We understand a lot of website hosting companies make claims for uptime guarantees. They would make claims of 99.9% uptime but it was really based on their “network”, not actual servers, meaning that they had Internet connectivity 99.9% of the time, not that the servers would stay online. When we guarantee uptime, we mean it.
One of our major priorities is to be able to offer an extremely reliable infrastructure for our users. We know first hand how much just one hour of downtime can affect an online business.
In order to achieve this, we have invested in top-of-the-line hardware, expensive software, and choosing a data center partner that also shared this same goal. This was a large order and something that has to be constantly tweaked and monitored.
But once all of this is in place, we have to carefully monitor it so we can see the actual results.
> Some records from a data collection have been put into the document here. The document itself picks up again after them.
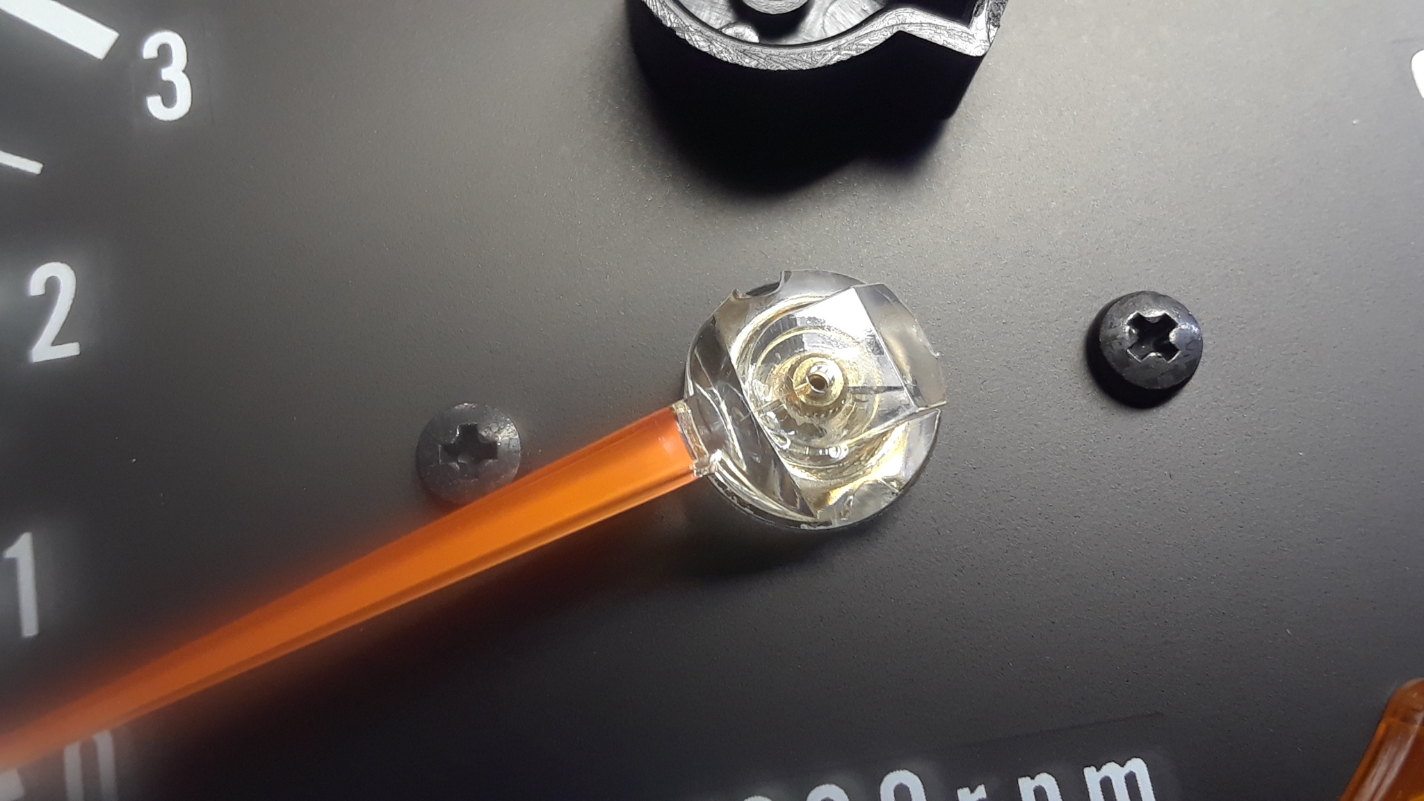 The trickiest part of servicing the gauge was getting the needle off. Daveo sent me two gauges so I could compare them. Before I found the root cause of the problem, I considered just swapping the face plates, since the real goal was to get the 160 MPH gauge working. The needle on the faulty gauge came off relatively easily, but the needle on the working gauge would not come off the shaft. Instead, the shaft started to pull out of the galvanometer movement. It seemed like if I pulled that out, it was never going back in. And I could not figure out a way to hold the shaft in place and get the needle off, so I gave up on that idea. Fortunately, as I said, the needle popped right off of the faulty gauge, so I was able to remove the face plate and then get down into the meter movement and find and fix the fault.
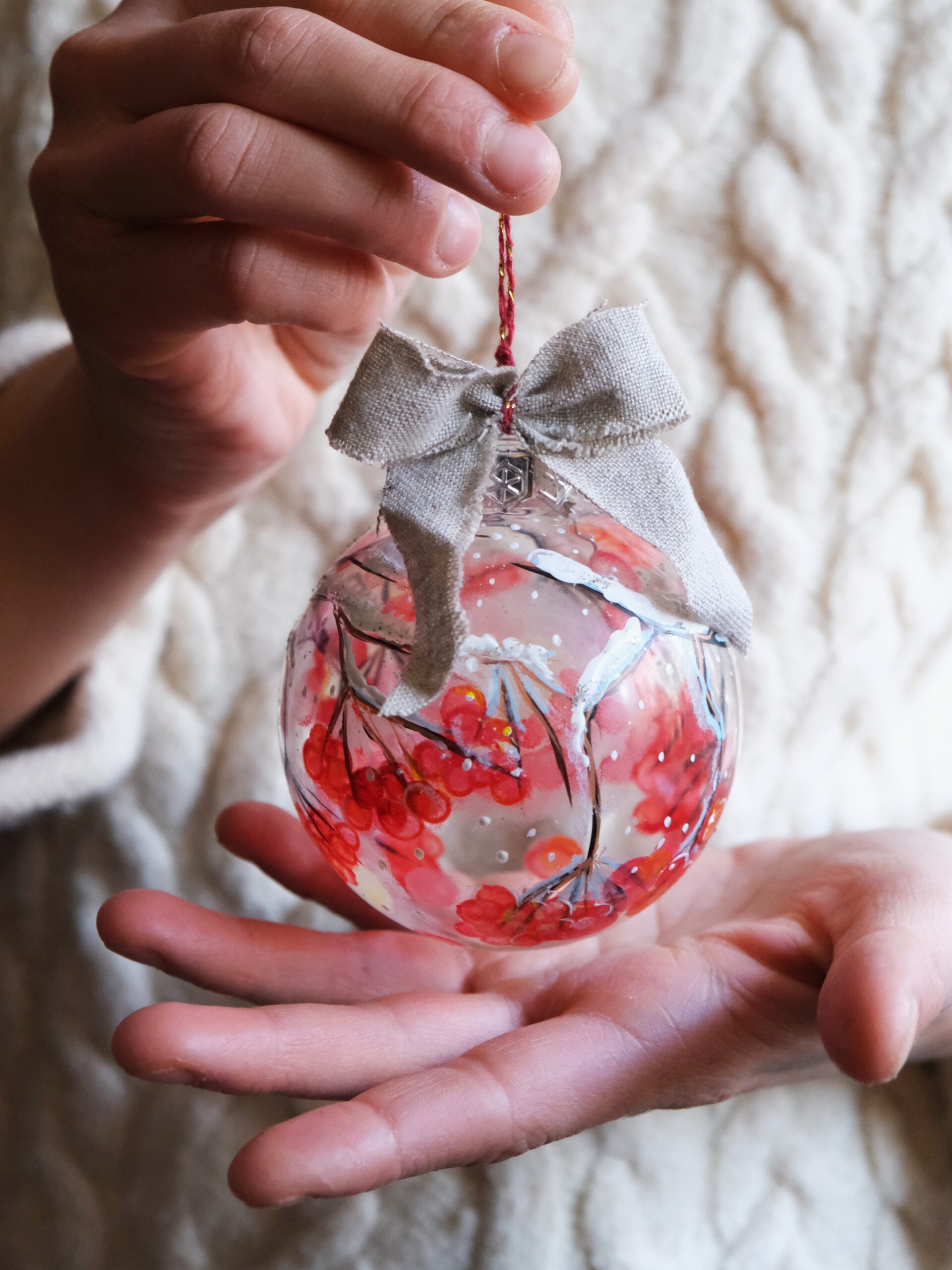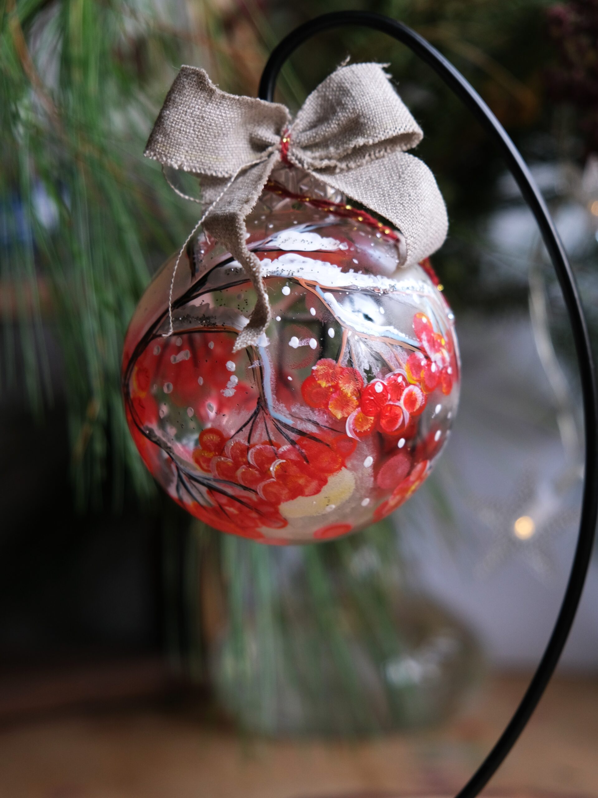 Ręcznie malowana szklana bombka z kaliną obsypaną śniegiem
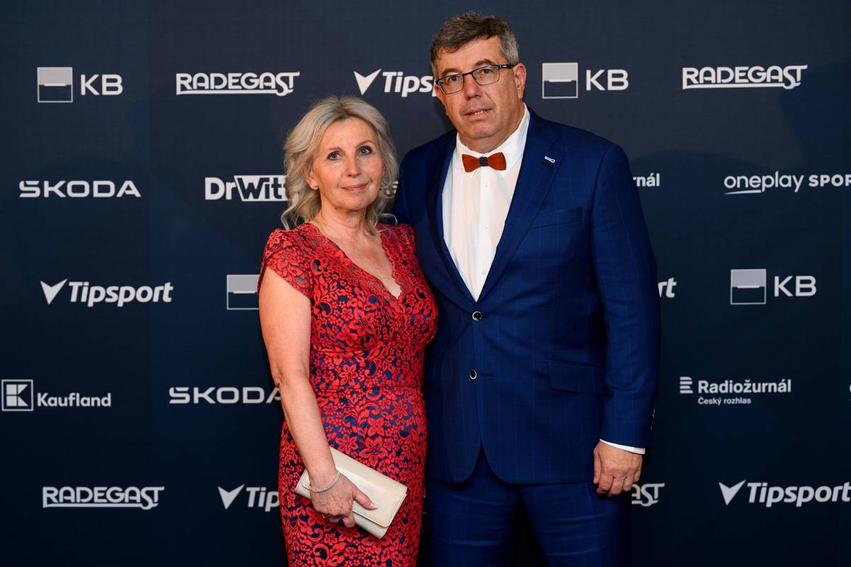 Trenér Komety Brno Kamil Pokorný s manželkou během slavnostního vyhlášení Hokejista sezony 2025, dne 5. května 2025 v Praze.
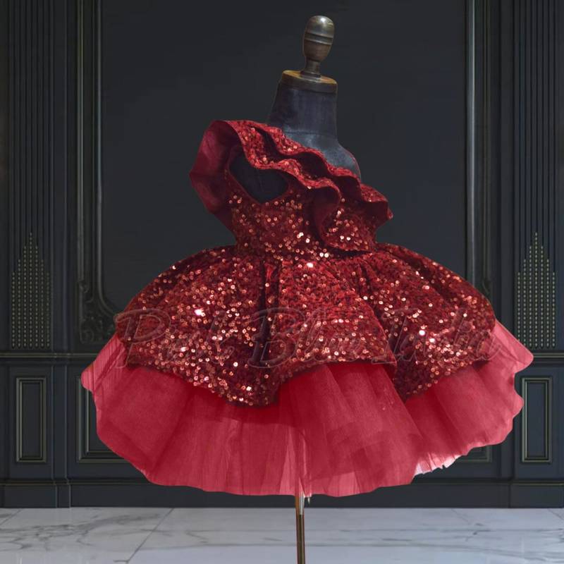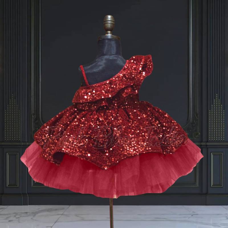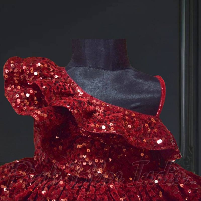 | Product Description | Have Her Shine Like A Star At Every Birthday And Wedding This Season With One Shoulder Ruffled Frock. This Velvet Sequins Frock In Maroon Color Makes A Resplendent Party Wear Frock For Baby Girls In India. Designed For Girls Of Age 6 Months To 12 Years, It Makes A Fashionable Designer Frock To Buy At Pink Blue India For Special Occasions. | |
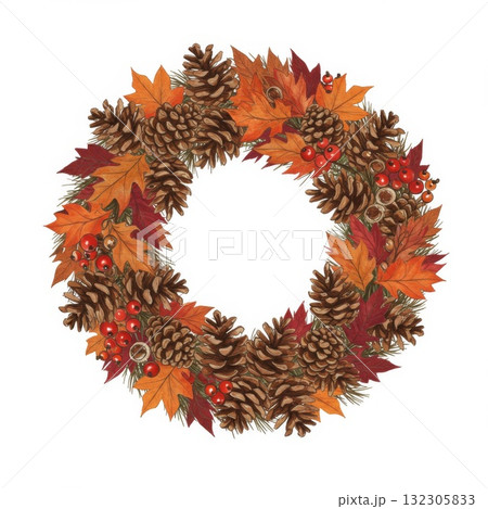 Autumnal Wreath with Maple Leaves Pine Cones and Berries
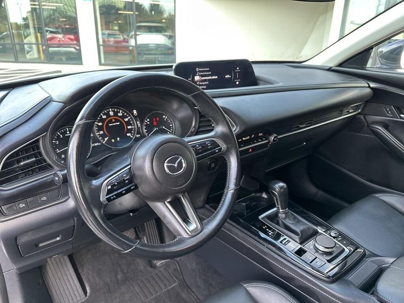 Mazda places a strong emphasis on safety, equipping this CX-30 with Smart Brake Support, Blind Spot Monitoring, Rear Cross Traffic Alert, Lane Keeping technology, and Driver Monitoring-Alert for added protection. A full suite of airbags, Collision Mitigation technology, and a rearview camera further reinforce its commitment to safety.
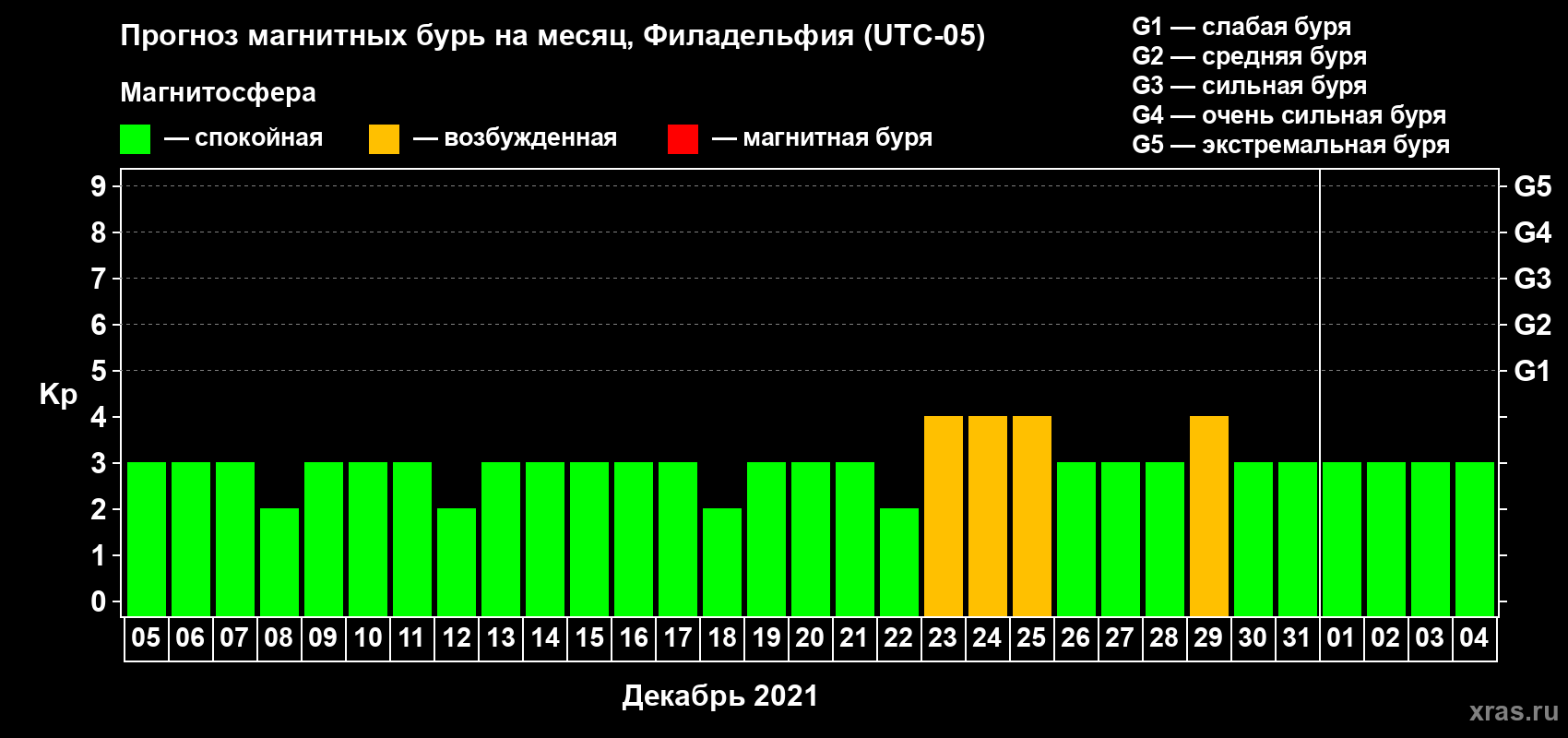 Прогноз магнитных бурь в Филадельфии на 5 декабря 2021 года

To do this, we have several levels of monitoring:
- NOC (network management center) Monitoring – To start, we have a dedicated 24x7x365 NOC monitoring team that watches our servers AND network constantly. Being their only job is to “monitor” this also includes proactive monitoring where they’re watching inbound network traffic to try and avoid an outage (such as when a DDOS attack maybe starting). Once an issue is identified they’re able to begin working towards a resolution immediately. Most often issues are identified long before they cause an issue that’s visible to our customers. In the case that an issue does create a service disruption, every effort possible is immediately taken. This even includes completely replacing server hardware in an instant (especially if the situation is severe).
- Third Party Server Uptime Monitoring – We also use Pingdom as a third-party monitoring service where we set up a specific location on each server that is constantly pinged to see if it is available. When the ping fails to respond, we immediately get a notification (this also includes to my personal cell phone). Some prefer to wait a few minutes to see if it’s just a small network blurb, as sometimes it is, but we feel it’s best to immediately begin an investigation to minimize downtime, especially if it is a real issue.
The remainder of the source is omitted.